## WHAT TO DO
Extract the opening line of the entries and every line after it, stopping at and including the line that contains "반부패·청렴특강'을 개최한다고 밝혔다.". Do not include pictures.

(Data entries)

/---

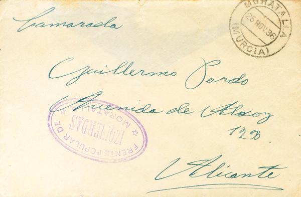 1936. MORATALLA (MURCIA) a ALICANTE. Marca FRENTE POPULAR DE / IZQUIERDAS / MORATALLA, en violeta y al dorso llegada. MAGNIFICA.
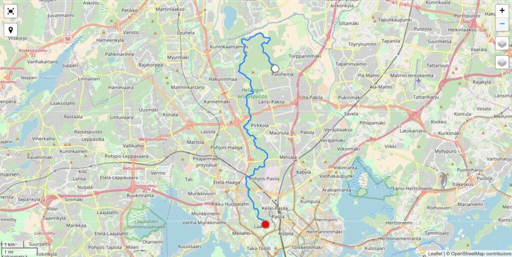 Reitillä on pituutta yhteen suuntaan 17,3 km ja Laaksosta Paloheinään ajaessa nousua 177 m.
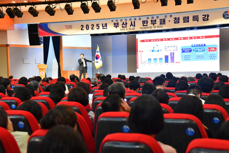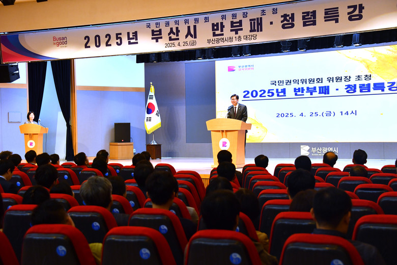 ◈ 시, 부산의 청렴 역량이 함께 올라갈 수 있도록 구·군, 산하 공사·공단 등과 상호 협력해 청렴 시책 추진 예정 [세계타임즈=부산 이용우 기자] 부산시(시장 박형준)는 오늘(25일) 오후 2시 시청 대강당에서 공직자 부패방지 및 청렴도 제고를 위한 '국민권익위원회 위원장 초청 반부패·청렴특강'을 개최한다고 밝혔다.
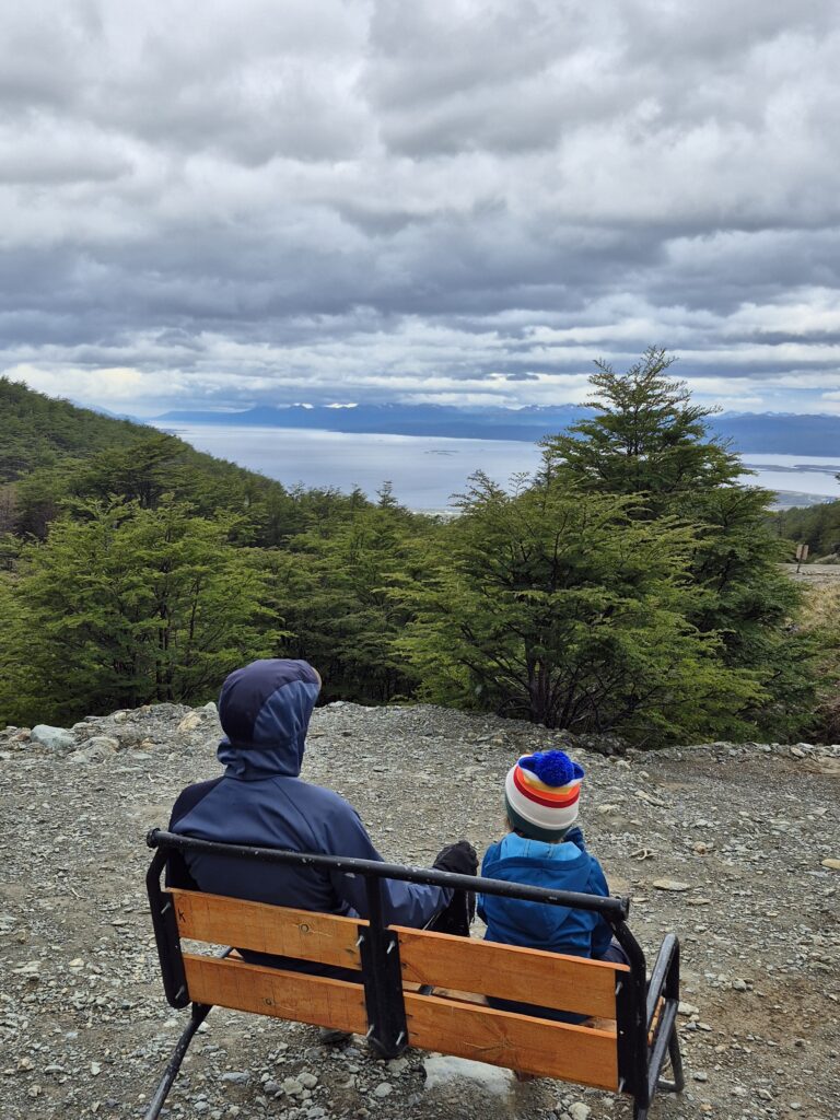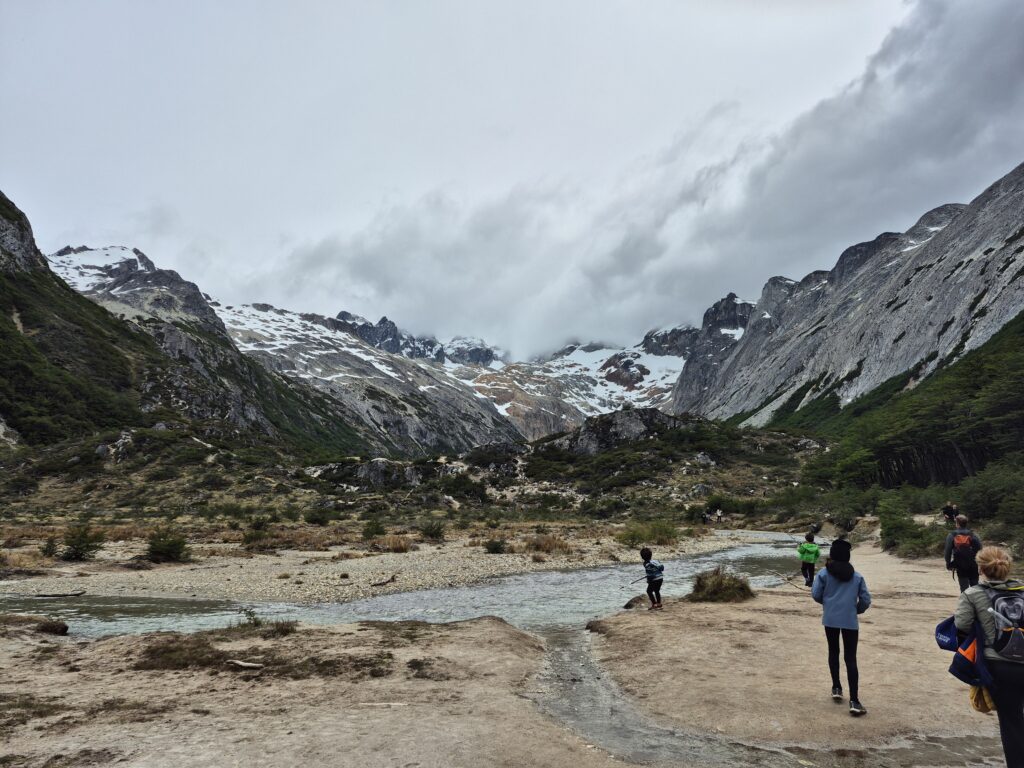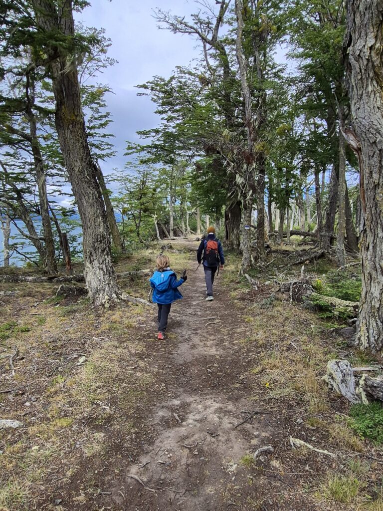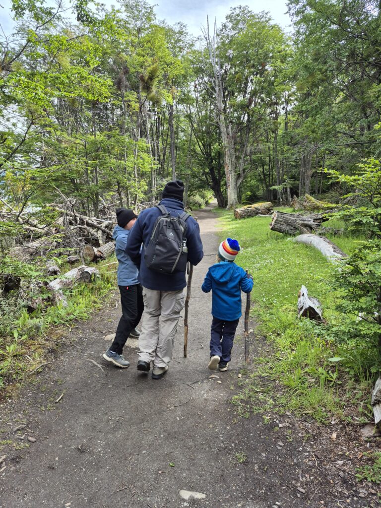 Nous passerons les trois premiers jours à visiter Ushuaia et ses environs: le parc national Tierra del Fuego et la laguna Esmeralda. Ces petites randonnées de mise en jambe nous permettent de profiter des uns des autres, de nous raconter tout ce que nous n’avons pas pu nous dire en 4 mois et de nous délester un peu des enfants qui sont ravis d’avoir de nouvelles oreilles à leur écoute! Le parc Tierra del Fuego est joli mais pas transcendant. Les sentiers déambulent tantôt dans la forêt de lengas, tantôt dans de petits marais semés d’herbes hautes et de petits arbustes épineux. Nous longeons un grand lac dans lequel plongent de basses montagnes aux sommets enneigés. De l’autre côté, le parc est bordé par le canal de Beagle qui apporte sur le rivage d’énormes moules agripées aux rochers. Sur la plage se trouve la poste du bout du monde, le bureau de poste le plus austral de la planète. La visite se réalise dans la journée et les sentiers ne présentent pas de difficulté particulière.
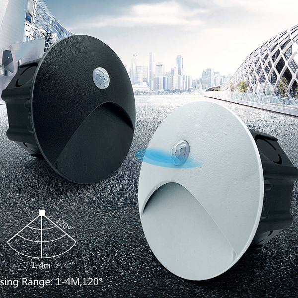 Lighting LED Sensor Embedded Wall Lamps, Waterproof Outside Night Light For Steps cold Light switch Control Black 1w
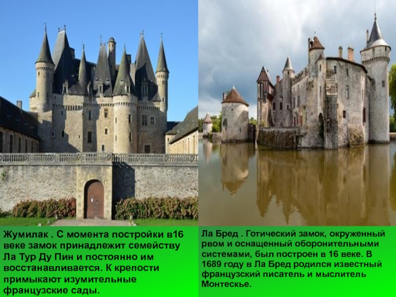Ла Бред . Готический замок, окруженный рвом и оснащенный оборонительными системами, был построен в 16 веке. В 1689 году в Ла Бред родился известный французский писатель и мыслитель Монтескье.
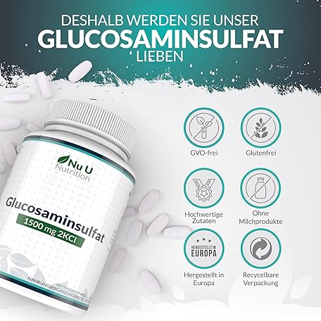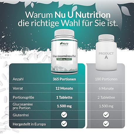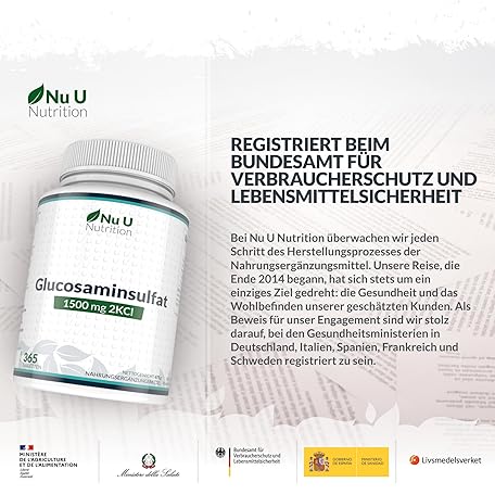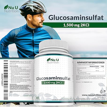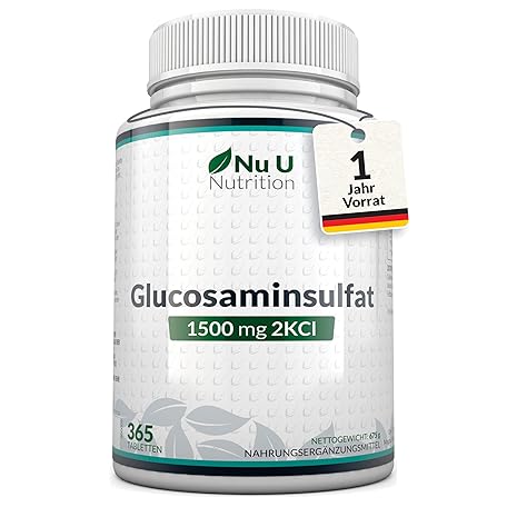 Sản phẩm Glucosamine Sulphate 1,500 mg 2KCI 365 Tablets Glucosamine (Supplies for one year) I No Gel, Capsules, Liquid or Powder | High Quality I Made in the UK by Nu U Nutrition đang được bán với giá ưu đãi là $28.9613 tại nước Đức.

\---

## REPLY
 1936. MORATALLA (MURCIA) a ALICANTE. Marca FRENTE POPULAR DE / IZQUIERDAS / MORATALLA, en violeta y al dorso llegada. MAGNIFICA.
 Reitillä on pituutta yhteen suuntaan 17,3 km ja Laaksosta Paloheinään ajaessa nousua 177 m.
 ◈ 시, 부산의 청렴 역량이 함께 올라갈 수 있도록 구·군, 산하 공사·공단 등과 상호 협력해 청렴 시책 추진 예정 [세계타임즈=부산 이용우 기자] 부산시(시장 박형준)는 오늘(25일) 오후 2시 시청 대강당에서 공직자 부패방지 및 청렴도 제고를 위한 '국민권익위원회 위원장 초청 반부패·청렴특강'을 개최한다고 밝혔다.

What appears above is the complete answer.